Com a mudança, o custo do afastamento será assumido pela Previdência Social. Inicialmente, a empresa pagará o salário normalmente e, depois, será reembolsada pelo governo.

Casais homoafetivos e adoção

O texto assegura o direito também a casais homoafetivos que adotarem filhos. Nesses casos, uma pessoa terá direito à licença-maternidade, enquanto a outra usufruirá da licença-paternidade.

O projeto ainda prevê que, em caso de falecimento da mãe, o pai poderá ter acesso ao período integral da licença-maternidade, que varia de 120 a 180 dias.

Se o pai adotar sozinho ou obtiver a guarda sem a participação de companheiro(a), também terá direito ao prazo equivalente à licença-maternidade.

Regras específicas e proteção trabalhista

A licença será garantida inclusive em caso de parto antecipado. Se houver internação da mãe ou do recém-nascido, o prazo começará a contar apenas após a alta hospitalar.

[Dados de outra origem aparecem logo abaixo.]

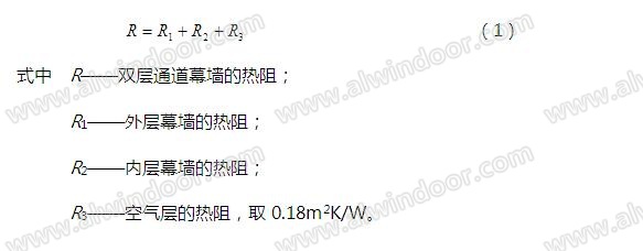其三是雙層幕墻的傳熱系數比單層幕墻的傳熱系數降低很多,阻止了室內外環境熱量的交換,這是雙層幕墻溫室效應的表現形式之三。雙層幕墻的傳熱系數是可以定量計算的,首先按《建筑玻璃應用技術規程》JGJ113可分別計算出兩層幕墻玻璃的熱阻,但應注意,在計算內層幕墻玻璃的熱阻時,其室外表面換熱系數(詞條“表面換熱系數”由行業大百科提供)應取室內表面換熱系數。空氣層的熱阻可按《民用建筑熱工設計規范》GB50176取值,需要說明的是,當空氣層間距大于60mm時,空氣層的熱阻不變,這是因為隨著空氣層間距的加大,空氣層的熱傳導(詞條“熱傳導”由行業大百科提供)將導致空氣層熱阻的增加,但空氣層對流也隨之加劇,導致空氣層熱阻的降低,兩種作用互抵,空氣層的熱阻保持不變。雙層幕墻的熱阻按下式計算:
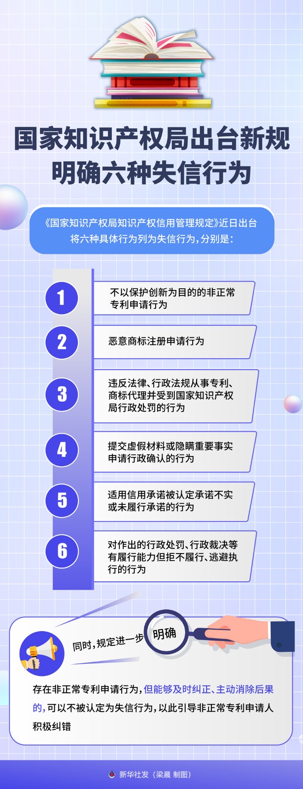 《國家知識產(chǎn)權(quán)局知識產(chǎn)權(quán)信用管理規(guī)定》近日出臺,將六種具體行為列為失信行為,分別是:不以保護創(chuàng)新為目的的非正常專利申請行為,惡意商標注冊申請行為,違反法律、行政法規(guī)從事專利、商標代理并受到國家知識產(chǎn)權(quán)局行政處罰的行為,提交虛假材料或隱瞞重要事實申請行政確認的行為,適用信用承諾被認定承諾不實或未履行承諾的行為,對作出的行政處罰、行政裁決等有履行能力但拒不履行、逃避執(zhí)行的行為。
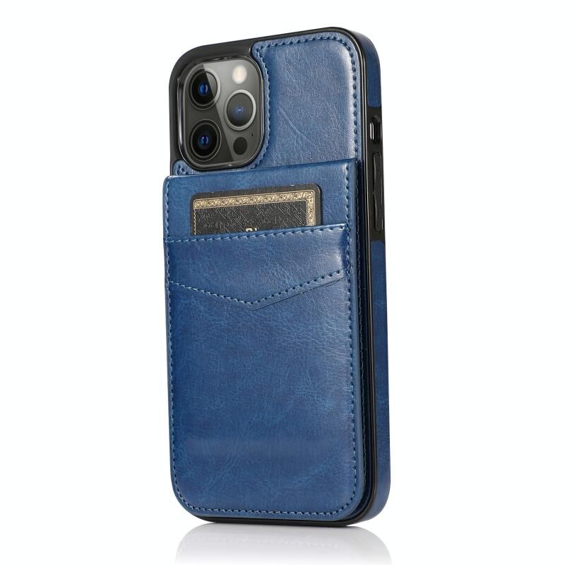 For iPhone 12 Pro Max Solid Color PC + TPU Protective Case with Holder & Card Slots(Blue)
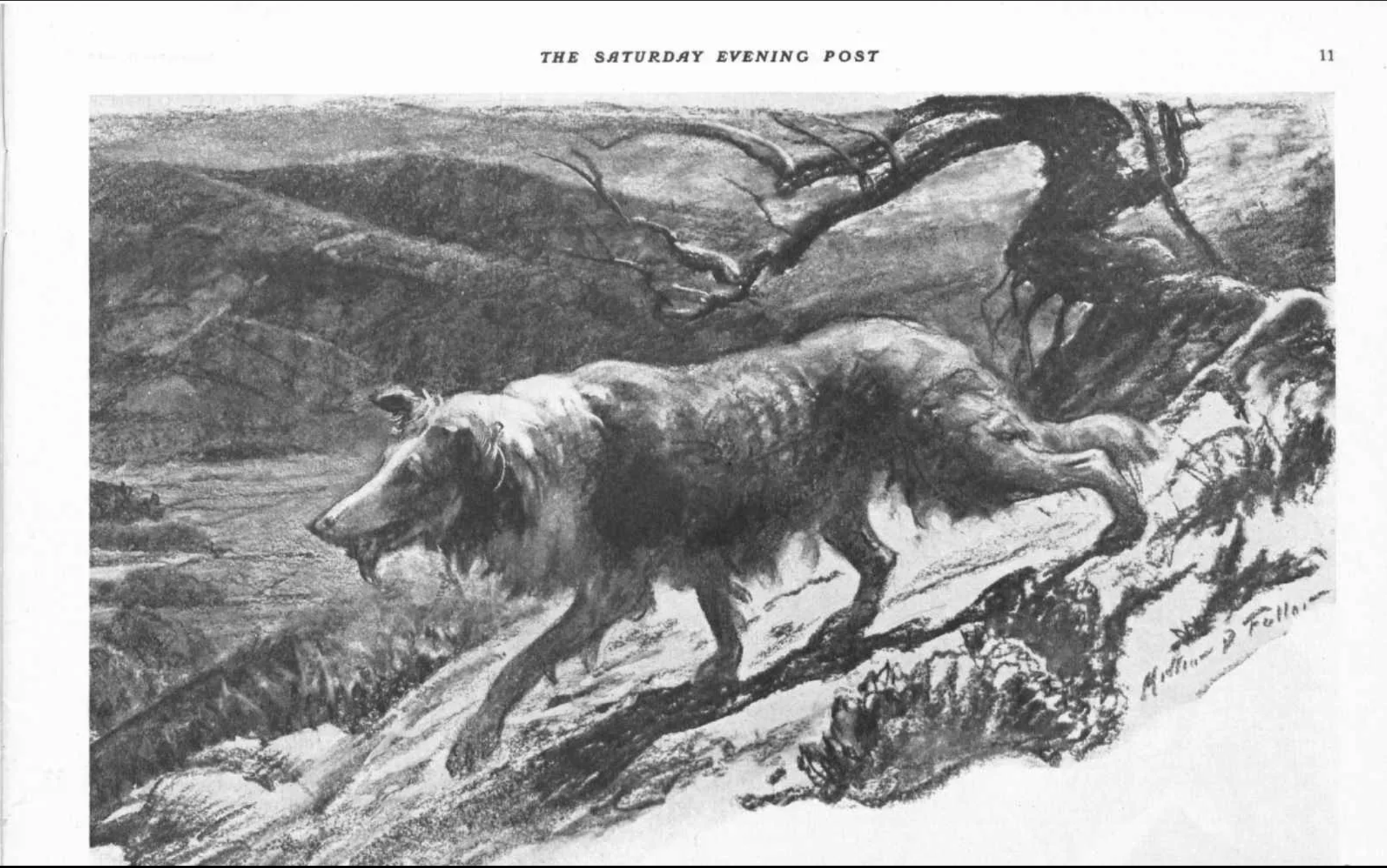 Lassie Come-Home, illustration de Norman Rockwell, 1943, pour le roman d’Eric Knight qui accompagnent ces récits, les scènes héroïques de Lassie sont représentées de manière très réaliste. Par exemple, dans les dessins de Norman Rockwell 10, l’expression de Lassie est travaillée pour transmettre à la fois la détermination, l’intelligence et le dévouement. Ses postures sont soigneusement choisies pour transmettre une forme de noblesse tranquille. On la voit souvent dans des scènes où elle surmonte des obstacles pour protéger son jeune maître, ce qui devient un moyen pour l’illustrateur de symboliser l’idéalisme moral. Les détails des paysages et des vêtements des personnages mettent en avant une époque révolue, où l’engagement moral des animaux était aussi important que celui des humains.

O benefício poderá ser negado ou suspenso em situações de violência doméstica, violência contra a mulher ou abandono material.

Caso o trabalhador seja demitido de forma arbitrária ou sem justa causa durante o período, poderá receber indenização de até o dobro do valor correspondente à licença.

Impacto orçamentário

Segundo dados citados pela equipe da relatora, senadora Ana Paula Lobato (PDT-MA), com base em estimativa da Consultoria de Orçamento da Câmara, o impacto anual da medida, quando atingir o período de 20 dias, será de aproximadamente R$ 4,4 bilhões.

A proposta representa uma das principais mudanças nas regras de afastamento parental no país e amplia a participação dos pais nos primeiros dias de vida ou adaptação da criança.